Lines from the first one down to the one containing "help them. |" in the data below are the only ones needed; please return them exactly, both ends included.

Material provided:
^^^^

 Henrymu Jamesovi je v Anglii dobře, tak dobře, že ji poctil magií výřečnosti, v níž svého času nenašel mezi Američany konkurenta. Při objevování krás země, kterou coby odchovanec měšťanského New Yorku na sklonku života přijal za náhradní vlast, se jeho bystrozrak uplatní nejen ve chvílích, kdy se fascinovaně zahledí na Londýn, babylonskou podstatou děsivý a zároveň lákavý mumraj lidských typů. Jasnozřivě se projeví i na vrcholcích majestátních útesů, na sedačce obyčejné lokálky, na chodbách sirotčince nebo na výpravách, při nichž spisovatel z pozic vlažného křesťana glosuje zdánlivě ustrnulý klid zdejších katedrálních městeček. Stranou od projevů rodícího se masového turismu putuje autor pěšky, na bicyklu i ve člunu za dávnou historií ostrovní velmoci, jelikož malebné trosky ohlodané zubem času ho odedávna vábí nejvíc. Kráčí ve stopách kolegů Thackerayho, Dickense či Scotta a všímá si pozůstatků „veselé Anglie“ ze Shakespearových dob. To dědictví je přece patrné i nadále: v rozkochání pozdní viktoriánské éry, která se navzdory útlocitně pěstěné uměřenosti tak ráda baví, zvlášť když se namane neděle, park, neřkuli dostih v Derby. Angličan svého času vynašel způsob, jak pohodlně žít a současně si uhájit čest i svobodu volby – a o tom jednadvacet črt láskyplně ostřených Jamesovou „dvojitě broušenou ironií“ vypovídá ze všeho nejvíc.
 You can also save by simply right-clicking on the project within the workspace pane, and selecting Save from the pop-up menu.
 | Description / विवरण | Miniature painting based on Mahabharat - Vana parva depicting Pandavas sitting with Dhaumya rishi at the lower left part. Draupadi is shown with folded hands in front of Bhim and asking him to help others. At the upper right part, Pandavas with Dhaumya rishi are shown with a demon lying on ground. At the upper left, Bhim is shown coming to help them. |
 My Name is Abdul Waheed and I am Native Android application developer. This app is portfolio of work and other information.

^^^^

Response to this task:
 Henrymu Jamesovi je v Anglii dobře, tak dobře, že ji poctil magií výřečnosti, v níž svého času nenašel mezi Američany konkurenta. Při objevování krás země, kterou coby odchovanec měšťanského New Yorku na sklonku života přijal za náhradní vlast, se jeho bystrozrak uplatní nejen ve chvílích, kdy se fascinovaně zahledí na Londýn, babylonskou podstatou děsivý a zároveň lákavý mumraj lidských typů. Jasnozřivě se projeví i na vrcholcích majestátních útesů, na sedačce obyčejné lokálky, na chodbách sirotčince nebo na výpravách, při nichž spisovatel z pozic vlažného křesťana glosuje zdánlivě ustrnulý klid zdejších katedrálních městeček. Stranou od projevů rodícího se masového turismu putuje autor pěšky, na bicyklu i ve člunu za dávnou historií ostrovní velmoci, jelikož malebné trosky ohlodané zubem času ho odedávna vábí nejvíc. Kráčí ve stopách kolegů Thackerayho, Dickense či Scotta a všímá si pozůstatků „veselé Anglie“ ze Shakespearových dob. To dědictví je přece patrné i nadále: v rozkochání pozdní viktoriánské éry, která se navzdory útlocitně pěstěné uměřenosti tak ráda baví, zvlášť když se namane neděle, park, neřkuli dostih v Derby. Angličan svého času vynašel způsob, jak pohodlně žít a současně si uhájit čest i svobodu volby – a o tom jednadvacet črt láskyplně ostřených Jamesovou „dvojitě broušenou ironií“ vypovídá ze všeho nejvíc.
 You can also save by simply right-clicking on the project within the workspace pane, and selecting Save from the pop-up menu.
 | Description / विवरण | Miniature painting based on Mahabharat - Vana parva depicting Pandavas sitting with Dhaumya rishi at the lower left part. Draupadi is shown with folded hands in front of Bhim and asking him to help others. At the upper right part, Pandavas with Dhaumya rishi are shown with a demon lying on ground. At the upper left, Bhim is shown coming to help them. |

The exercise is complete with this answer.